MGM // Unrated // August 10, 2004
List Price: $25.98 [Buy now and save at Amazon]

Review by Adam Tyner | posted August 9, 2004 | E-mail the Author
Lo, there once was a time when having "National Lampoon" in the title of a movie guaranteed hee-larity: Animal House, the Vacation series...and I guess that's pretty much it. The National Lampoon machine started churning out flicks really quickly throughout the '90s, and movies like Golf Punks and Senior Trip kind of killed it as a cinematic brand name. Then along came Van Wilder, which raked in enough cash to get the assembly line running again at full speed. Comedy veteran Arthur Hiller is slated to helm National Lampoon's The Trouble with Frank, and Paris Hilton is starring in Pledge This!, which I'm honor-bound not to badmouth. But before either of those trot into theaters, get dumped on video, or suffer whatever fate awaits them, there's Dorm Daze. Actually, the full title is National Lampoon Presents Dorm Daze, which I guess is because the Lampoon didn't get involved until after the movie had already been made. Too bad the title doesn't have the possessive because it's one of the better recent Lampoon flicks.

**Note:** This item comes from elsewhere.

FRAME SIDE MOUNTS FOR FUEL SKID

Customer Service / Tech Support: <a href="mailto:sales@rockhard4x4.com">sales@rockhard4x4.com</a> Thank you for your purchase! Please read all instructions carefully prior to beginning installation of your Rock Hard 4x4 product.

I picked up Dorm Daze because it was written by Patrick Casey and Worm Miller, the creative forces behind the independent horror-slash-comedy Hey, Stop Stabbing Me! I hadn't actually seen ...Stabbing... or any of their other movies, but that not-really-logic seemed like enough to compel me to grab this disc anyway. A few reviews of Dorm Daze from its limited theatrical run have been floating around for a while, and the critical reception has been unilaterally negative. A star and a half make up about the most glowing praise I've seen up to this point. But hey, I've never been shy about boldly venturing forth against the grain, so I'll take a historic step and write what is and will probably remain the only positive review of National Lampoon Presents Dorm Daze.

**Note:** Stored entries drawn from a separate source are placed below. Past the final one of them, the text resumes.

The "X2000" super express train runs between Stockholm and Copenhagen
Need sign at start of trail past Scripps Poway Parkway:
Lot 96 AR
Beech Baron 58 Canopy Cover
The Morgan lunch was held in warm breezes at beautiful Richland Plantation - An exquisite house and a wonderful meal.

I don't really know how to best summarize Dorm Daze because of the multilayered approach I'll rant at length about a paragraph or two down. To give it a quick shot, the movie's set at a university (obviously; y'know, Dorm Daze) as exams are wrapping up for the semester. Styles McFee wants to get his brother laid, but Booker is saving his "special gift" for his virtuous, cleavagy girlfriend Rachel. Styles shrugs that off and tries to set him up with a hooker named Dominique. A couple rooms down, Wang is excitedly preparing for this arrival of a French foreign exchange student, but he has to head to work and doesn't have time to meet her in person at the moment. He passes along a message that cycles from pal to pal to meet up with this unknown student, who happens to be named...arm the rimshot...Dominique. Mistaken identity? Hooker? Wang? You see where this is leading, and I haven't even gotten to the bit about the sausage. A bunch of other stories are also bubbling beneath the surface. Gerri doesn't have the funds to stay in college after this semester, but she winds up holding a misdelivered package from a con artist named Lorenzo. There are tens of thousands of dollars neatly bundled in a purse strikingly similar to the one Adrienne borrowed from her friend Claire and subsequently lost. Adrienne's ducking out of Claire's way until she can track down that handbag, and she's also steering clear of Newmar, a dweeb she'd made out with the night before in a fit of drunken depression. She's secretly pining over chest-shaving, faceless-dance-music-pumping Foosball, blissfully unaware that she's crushing on a gay man. Gabby sorostitutes Marla and Lynne are incensed about having a hooker in their midst and even more miffed about Claire's boyfriend's apparent abusive behavior and infidelity. Heavily-pierced Cliff is hanging around campus after losing a huge wad of cash in Vegas, and he's so disinterested in chatting with the straggling students littering the hall that he wears a whiteboard around his neck claiming that he doesn't speak English. Hooker-Dominique catches wind of the bag full of cash and teams up with everyone in sight to snag the loot, while Styles chases down a terrified student-Dominique as he tries to get his money's worth from a misidentified hundred-dollar whore.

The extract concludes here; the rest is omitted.